Professor Helen Cross at the Institute of Child Health at University College London and her colleagues recruited 145 children - including Ella - aged between two and 16 who all had severe epilepsy. Half were randomly assigned to a ketogenic diet, which involves eating no carbohydrate and no more than the minimum dietary requirement of protein. Fat is permitted. The other half ate a normal diet. Forty-two children were not included in the final analysis for a variety of reasons.
The team found that the number of seizures per day in the ketogenic diet group dropped to 62% of the level before the change, while the control group's seizures increased by 37%. Twenty-eight children in the diet group had a more than 50% reduction in their seizures compared with four in the control group. The results are reported in the journal Lancet Neurology. Cross said it was important to have confirmed that the ketogenic diet is effective by the gold standard scientific method. "At the present time it is a treatment that is really reserved for the really intractable. It's available in only a minimal number of centres," she said.

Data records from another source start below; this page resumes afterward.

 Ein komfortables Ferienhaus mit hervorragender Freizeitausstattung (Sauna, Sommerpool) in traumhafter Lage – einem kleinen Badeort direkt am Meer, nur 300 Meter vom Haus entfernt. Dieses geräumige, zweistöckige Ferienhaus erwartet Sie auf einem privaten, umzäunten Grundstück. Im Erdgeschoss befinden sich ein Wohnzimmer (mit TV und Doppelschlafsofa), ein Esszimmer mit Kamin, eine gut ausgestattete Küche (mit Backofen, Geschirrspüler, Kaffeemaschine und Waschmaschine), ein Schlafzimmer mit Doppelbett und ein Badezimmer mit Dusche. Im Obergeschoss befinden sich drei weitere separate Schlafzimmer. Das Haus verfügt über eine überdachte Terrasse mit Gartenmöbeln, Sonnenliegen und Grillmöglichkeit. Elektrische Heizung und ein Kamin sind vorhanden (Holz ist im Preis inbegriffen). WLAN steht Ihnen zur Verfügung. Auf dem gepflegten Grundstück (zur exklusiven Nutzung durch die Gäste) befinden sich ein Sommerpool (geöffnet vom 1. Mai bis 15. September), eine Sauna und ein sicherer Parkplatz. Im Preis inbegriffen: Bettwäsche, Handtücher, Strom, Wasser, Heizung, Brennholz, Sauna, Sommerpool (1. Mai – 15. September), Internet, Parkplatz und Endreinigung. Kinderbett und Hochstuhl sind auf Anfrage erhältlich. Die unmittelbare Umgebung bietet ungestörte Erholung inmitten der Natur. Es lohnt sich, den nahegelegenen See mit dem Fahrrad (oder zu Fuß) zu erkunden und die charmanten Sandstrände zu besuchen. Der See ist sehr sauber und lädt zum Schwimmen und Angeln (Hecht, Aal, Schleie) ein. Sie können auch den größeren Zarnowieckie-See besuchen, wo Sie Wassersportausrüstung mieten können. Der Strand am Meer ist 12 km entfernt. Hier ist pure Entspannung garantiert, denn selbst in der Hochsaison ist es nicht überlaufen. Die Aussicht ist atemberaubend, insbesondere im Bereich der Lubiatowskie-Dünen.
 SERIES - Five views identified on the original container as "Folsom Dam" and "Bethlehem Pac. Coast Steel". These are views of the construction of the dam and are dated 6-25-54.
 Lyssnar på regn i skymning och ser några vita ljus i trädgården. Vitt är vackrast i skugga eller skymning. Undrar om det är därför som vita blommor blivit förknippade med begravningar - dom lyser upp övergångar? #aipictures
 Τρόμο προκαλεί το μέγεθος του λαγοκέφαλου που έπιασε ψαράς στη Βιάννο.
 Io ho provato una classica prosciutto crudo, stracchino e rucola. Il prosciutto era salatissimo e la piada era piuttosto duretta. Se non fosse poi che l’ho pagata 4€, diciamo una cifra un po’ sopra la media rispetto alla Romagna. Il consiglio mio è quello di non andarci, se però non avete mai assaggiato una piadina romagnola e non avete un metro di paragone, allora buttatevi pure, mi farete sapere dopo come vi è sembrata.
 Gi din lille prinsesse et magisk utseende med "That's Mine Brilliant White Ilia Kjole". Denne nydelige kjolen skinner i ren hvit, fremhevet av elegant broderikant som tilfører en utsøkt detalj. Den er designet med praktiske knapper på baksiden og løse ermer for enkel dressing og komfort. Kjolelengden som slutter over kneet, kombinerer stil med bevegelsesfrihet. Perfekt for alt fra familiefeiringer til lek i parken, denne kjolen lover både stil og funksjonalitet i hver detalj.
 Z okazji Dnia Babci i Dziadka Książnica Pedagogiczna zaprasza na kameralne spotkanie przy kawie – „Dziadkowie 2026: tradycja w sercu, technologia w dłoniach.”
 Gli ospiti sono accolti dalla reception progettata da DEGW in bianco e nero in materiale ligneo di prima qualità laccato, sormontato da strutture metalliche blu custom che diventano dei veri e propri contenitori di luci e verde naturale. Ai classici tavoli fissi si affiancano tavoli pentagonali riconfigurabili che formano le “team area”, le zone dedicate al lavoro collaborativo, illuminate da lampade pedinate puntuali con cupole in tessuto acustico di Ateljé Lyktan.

She added that parents should only consider trying the diet after consultation with a doctor and dietician. "Children are growing and need the right number of calories... so it does need to be monitored and calculated individually," she said.
As yet, scientists are unsure what changes occur with the diet, although it is possible that it prompts a physiological shift that affects the brain. "There's all sorts of theories from a basic science point of view that have been put forward, but we haven't got the exact reason why it works," said Cross.
The study is important because it is the first time the question of whether the diet works has been tackled using a randomised clinically controlled trial - widely acknowledged as the best method for assessing whether medical interventions are effective.